Boo-hoo, Starbucks!

Poor Starbucks!

They missed their earnings call, boo-hoo. Moreover, they are blaming it on the Chinese. (You can’t make this stuff up!)

I think that Starbucks has owed its success to its pretense that people were drinking coffee when they were actually drinking 30 ounces of condensed sugar syrup. People like sugar syrup more than coffee. Nonetheless, Starbucks is trying to deliver the alleged coffee in ever more perverse ways — adding olive oil? — and failing. They could always try keeping their menu the same for a year at the same prices.

My wife goes to Starbucks for a $5 “trenta” iced tea when I can make her 30 ounces for 70¢ – with much better quality tea. The reason she goes there is the kids. They know her and love her. They tell her about their lives. They know what she orders depending on the kind of day it is. So, customer service wins the day. The difficulty is that Howard Schultz has designed the business so that there is 99% barista turnover every year. Soon, my wife has to make new Starbucks friends who are much like the old Starbucks friends but younger.

This reminds me of the novel “Never Let Me Go” by Ishiguro, where clones are raised so their organs can be transplanted into the original children. Clones come and disappear based on how many organs they have left. The Starbucks kids are giving away their youth and attention for minimum wage. It’s not such a great bargain for the kids, who gradually find out the realities of their situation over the course of their employment.

I should add that Howard Schultz is terrified of the prospect of a barista union. He and Jeff Bezos are trying to eliminate unions altogether by asking the courts to make the NLRB disappear.

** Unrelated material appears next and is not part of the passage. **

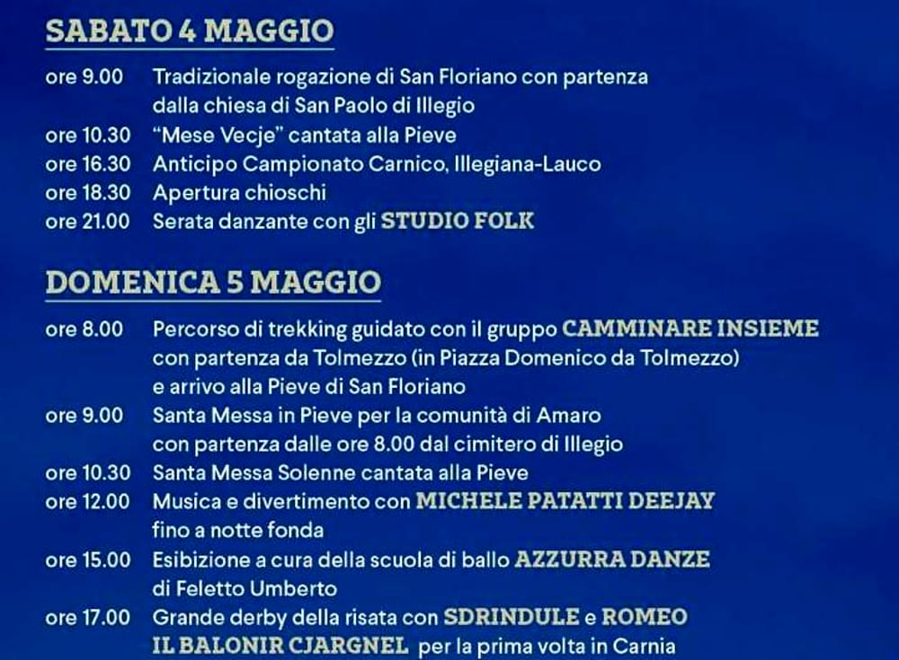 Il 4 e 5 maggio 2019 festa grande a Illegio di Tolmezzo, dove si festeggerà San Floriano, con un programma ricco di appuntamenti, sempre nel solco della tradizione

So, union deterrents are built into the job itself, like mandatory anti-union lectures and scheduling design that ensures that the workers are compartmentalized and can’t be visited by union representatives. (If you know a barista, and they don’t have a shift that day, ask another employee when the barista will be back. You will not get a straight answer.) My wife made a bûche de Noël last year for the Starbucks crew, and she didn’t know whether they liked it. Because of the scheduling permutations, only 2-3 baristas knew the cake existed on any given day By the end, the ganache must have tasted like modeling clay. She was thanked a week later when the rota had cycled around. I think she will make seven small cakes this year, one for each crew.